When evaluating energy intake, Whole Leaf Marjoram provides 271 calories per 100g, compared to 313 calories in Alexandrian Laurel. This makes Alexandrian Laurel more energy-dense, converting Whole Leaf Marjoram into an ideal choice for caloric control.

In the protein matrix, Whole Leaf Marjoram delivers 9.7g of protein per 100g, while Alexandrian Laurel records 7.6g. For athletes and lean mass preservation, Whole Leaf Marjoram offers a clear biochemical advantage.

Carbohydrate structures and the Glycemic Index (GI) yield different metabolic dynamics: Whole Leaf Marjoram has 68.6g of carbs with an estimated GI of 0, whereas Alexandrian Laurel has 74.9g with a GI of 0. Both exert a similar glycemic impact on the bloodstream.

Regarding gut health, Whole Leaf Marjoram features 40.3g of fiber per 100g, compared to 26.3g in Alexandrian Laurel. Consuming Whole Leaf Marjoram significantly favors satiety and digestive transit.

2. Micronutrient Profile (Vitamins and Minerals)

Micronutrient analysis highlights the essential vitamins and minerals of each food, expressed as a percentage of the recommended Daily Value (%DV).

Whole Leaf Marjoram's profile is highly notable for: vitamin-k (621.6mcg, 518% VDR) and magnesium (270mg, 64% VDR) and manganese (1.2mg, 60% VDR).

Conversely, Alexandrian Laurel stands out especially in: iron (9mg, 50% VDR) and calcium (67mg, 7% VDR) and vitamin-c (3mg, 3% VDR).

3. Medicinal Properties and Bioactive Compounds

From a phytonutrient and bioactive perspective, each superfood interacts with cellular receptors uniquely to deliver medicinal and cell-protective benefits.

Whole Leaf Marjoram contains highly valuable active principles: Carvacrol (Exhibits antimicrobial and anti-inflammatory effects.), Thymol (Known for its antiseptic properties.).

Whole Leaf Marjoram posee propiedades descritas como: Antimicrobial, Anti-inflammatory, Digestive aid.

4. AI Clinical Verdict

We conclude with the AI Clinical Verdict.

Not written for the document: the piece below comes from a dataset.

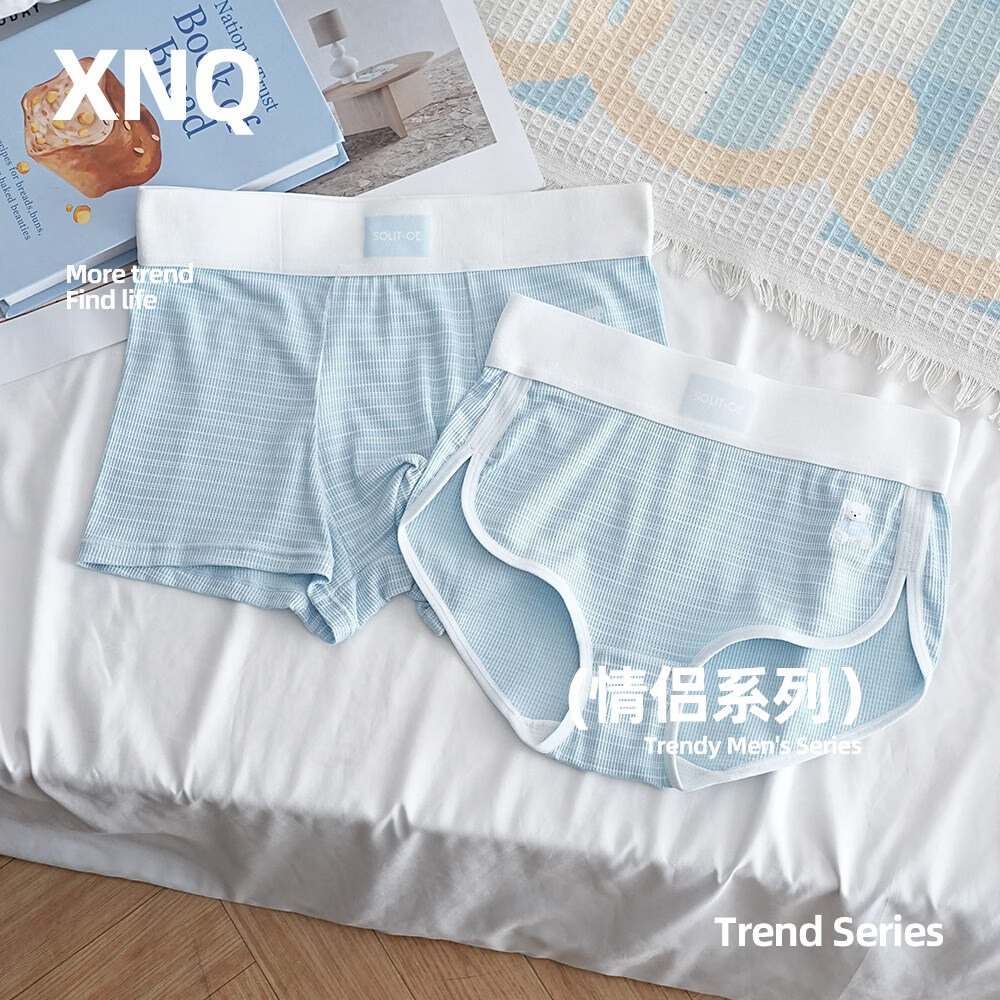 羅亨士情侣内裤一男一女可爱卡通小熊条纹透气短裤衩男女夫妻同款短裤头 蓝条纹小熊情侣款 2条 3XL 男+女XL码

Evaluating the Nutri-Scores (Whole Leaf Marjoram: 100/100 vs Alexandrian Laurel: 100/100), we determine that both foods possess an equivalent nutritional value.

Weight Control / Caloric Deficit

For Weight Control / Caloric Deficit, the recommended food is Whole Leaf Marjoram due to its excellent volume-to-calorie ratio and hydration/fiber content.

Athletic Performance / Hypertrophy

For Muscle Gain and Athletic Performance, the biochemically advantageous option is Whole Leaf Marjoram because of its higher protein/amino acid content.

Glycemic Control / Insulin Sensitivity

For Glycemic Control / Insulin Sensitivity, Whole Leaf Marjoram is recommended due to its low glycemic impact.

Cardiovascular Health / Antioxidants

For Cardiovascular Health and Antioxidants, Alexandrian Laurel stands out due to its concentration of cardioprotective compounds and key minerals.

Nutritional Synergy Clinical Tip: Consuming both Whole Leaf Marjoram and Alexandrian Laurel together in the same meal plan allows for enhanced nutrient absorption (such as Vitamin C facilitating non-heme iron assimilation) and provides a more comprehensive antioxidant defense shield.